**TASK BRIEF**. Reproduce the records below in full and word for word, excluding pictures.
:: GIVEN DATA
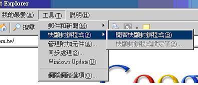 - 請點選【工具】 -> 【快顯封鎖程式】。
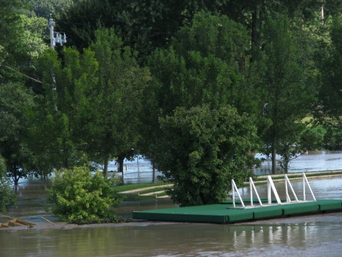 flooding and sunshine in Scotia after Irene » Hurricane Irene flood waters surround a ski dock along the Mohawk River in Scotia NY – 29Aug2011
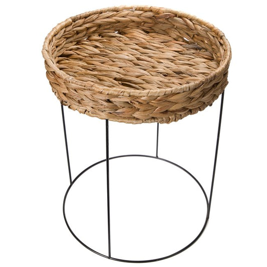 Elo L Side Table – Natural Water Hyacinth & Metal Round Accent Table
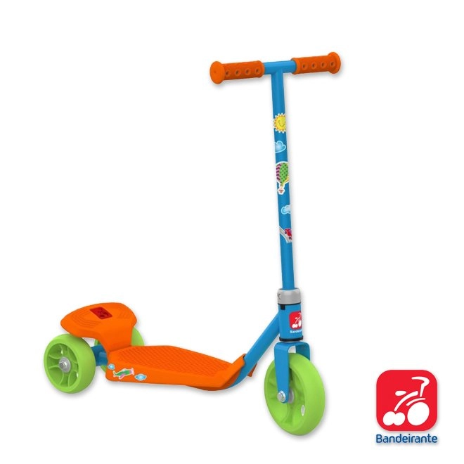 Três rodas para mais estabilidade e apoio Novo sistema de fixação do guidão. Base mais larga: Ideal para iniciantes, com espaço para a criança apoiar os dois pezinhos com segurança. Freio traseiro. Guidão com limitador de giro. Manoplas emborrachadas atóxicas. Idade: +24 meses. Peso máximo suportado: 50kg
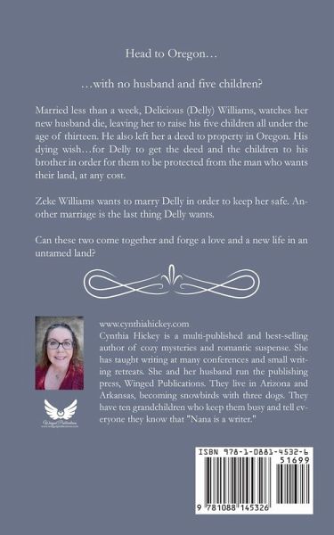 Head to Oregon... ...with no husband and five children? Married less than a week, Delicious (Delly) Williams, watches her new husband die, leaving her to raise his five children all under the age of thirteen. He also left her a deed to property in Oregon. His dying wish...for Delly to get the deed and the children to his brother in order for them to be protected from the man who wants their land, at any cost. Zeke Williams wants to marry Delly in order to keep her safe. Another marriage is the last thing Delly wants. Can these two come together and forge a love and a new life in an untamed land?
::::
**SOLUTION BELOW**.
 - 請點選【工具】 -> 【快顯封鎖程式】。
 flooding and sunshine in Scotia after Irene » Hurricane Irene flood waters surround a ski dock along the Mohawk River in Scotia NY – 29Aug2011
 Elo L Side Table – Natural Water Hyacinth & Metal Round Accent Table
 Três rodas para mais estabilidade e apoio Novo sistema de fixação do guidão. Base mais larga: Ideal para iniciantes, com espaço para a criança apoiar os dois pezinhos com segurança. Freio traseiro. Guidão com limitador de giro. Manoplas emborrachadas atóxicas. Idade: +24 meses. Peso máximo suportado: 50kg
 Head to Oregon... ...with no husband and five children? Married less than a week, Delicious (Delly) Williams, watches her new husband die, leaving her to raise his five children all under the age of thirteen. He also left her a deed to property in Oregon. His dying wish...for Delly to get the deed and the children to his brother in order for them to be protected from the man who wants their land, at any cost. Zeke Williams wants to marry Delly in order to keep her safe. Another marriage is the last thing Delly wants. Can these two come together and forge a love and a new life in an untamed land?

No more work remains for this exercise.